In 1963, Van Camp Seafood Company was purchased by Ralston Purina. In 1988, Ralston sold its Van Camp division to an Indonesian corporation, P.T. Mantrust, which had financial problems, and the primary creditor, Prudential Life Insurance Company, became the majority owner.

In 1997 the company was purchased by the investment group Tri-Union Seafoods LLC, made up of three partners: 
 Thai Union International Inc., a Thai conglomerate based in Bangkok and the then-largest tuna packer in Asia and second largest in the world 
 Edmund A. Gann, American owner of Caribbean Marine Service, Co., Inc., a tuna-fishing fleet
 Tri-Marine International, Inc., a global trading company formed in Singapore in 1972 dealing in tuna and tuna products headed by Renato Curto, president and majority shareholder.

The new owners changed the name of Van Camp Seafood Company to Chicken of the Sea International. In 2000, Tri-Marine International Inc and Edmund A. Gann sold their 50 percent interest in Chicken of the Sea to Thai Union International, Inc., leaving Thai Union the sole owner of the company. Chicken of the Sea International and Tri-Union International LLC merged into one company, still called Chicken of the Sea International.

With the 2003 acquisition of Empress International, an importer of frozen shrimp and other shellfish, Chicken of the Sea's total annual sales climbed to US$600 million. In 2006, Thai Union formed a new division, Chicken of the Sea Frozen Foods, to focus on sales of premium quality fresh and frozen seafood products. This division grew quickly, enhancing Chicken of the Sea's brand awareness and distribution in the food service and retail industries.

In August 2015, Olean Wholesale Grocery, a regional cooperative of supermarkets in upstate New York, sued Chicken of the Sea and both of its competitors, Bumble Bee Foods and StarKist, accusing the three of colluding to fix prices. Chicken of the Sea was in talks to merge with Bumble Bee at the time, but it was called off on 3 December 2015 after the US Justice Department expressed "serious concerns" stemming from the Olean Wholesale lawsuit.

In 2016 Chicken of the Sea recalled 107,000 cans of tuna in the US due to undercooking because of an equipment malfunction at an undisclosed factory.

In May 2018, the company moved its headquarters from San Diego to El Segundo, California.

Product name
The company's official explanation for the name of their product is that, in the "old days", fishermen referred to white albacore tuna as "chicken of the sea". It was called this because of the white color of its flesh and mild flavor reminded them of chicken.
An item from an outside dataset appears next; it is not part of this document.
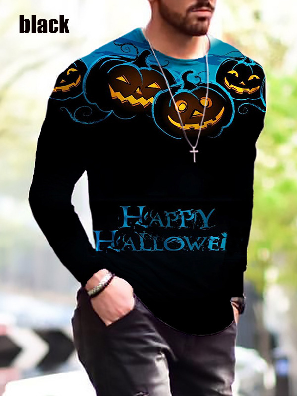 Halloween Autumn And Winter Men S Print Simple Long-Sleeved T Shirt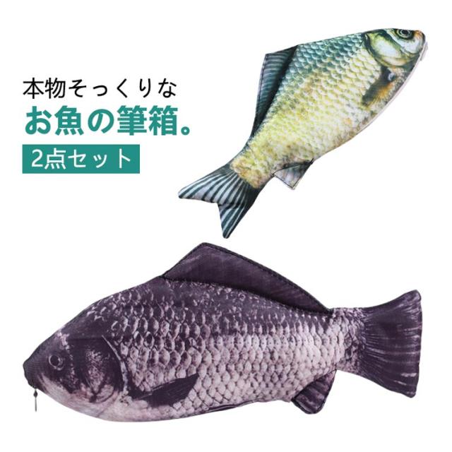 筆記具 ポーチ ペンケース 筆箱 魚 【2点セット】 【2点セット】 リアル デザイン ユニーク おもしろ 小物入れ 習い事 文房具 本物そっくり 学校 面白い リアルな魚がかわいい! アイテム かわいい

The founder of the company thought this would be a unique name for a brand of tuna.
 
Their advertising mascot, Catalina, a blonde mermaid with a golden scepter, was introduced in the 1950s and soon became a familiar product icon. In her book The Longest Trek: My Tour of the Galaxy, Grace Lee Whitney is credited as being the original Chicken of the Sea Mermaid. One of the photographs in the book documents this.

Regarding the 1973 Aloha From Hawaii Elvis Presley "Chicken Of The Sea" RCA 33rpm LP 
After extensive research and contacts with the Van Camp company, it was ascertained that the latter never released any promotional sticker intended to be affixed on the shrink-wrap of the April 1973 U.S. edition RCA Victor VPSX-6089 neither directly pasted on picture sleeves of same release. Such Chicken Of The Sea stickers were an historical fake (bogus) made among the Elvis' collecting circle in order to create the rarity and push up the prices for such memorabilia marketplace.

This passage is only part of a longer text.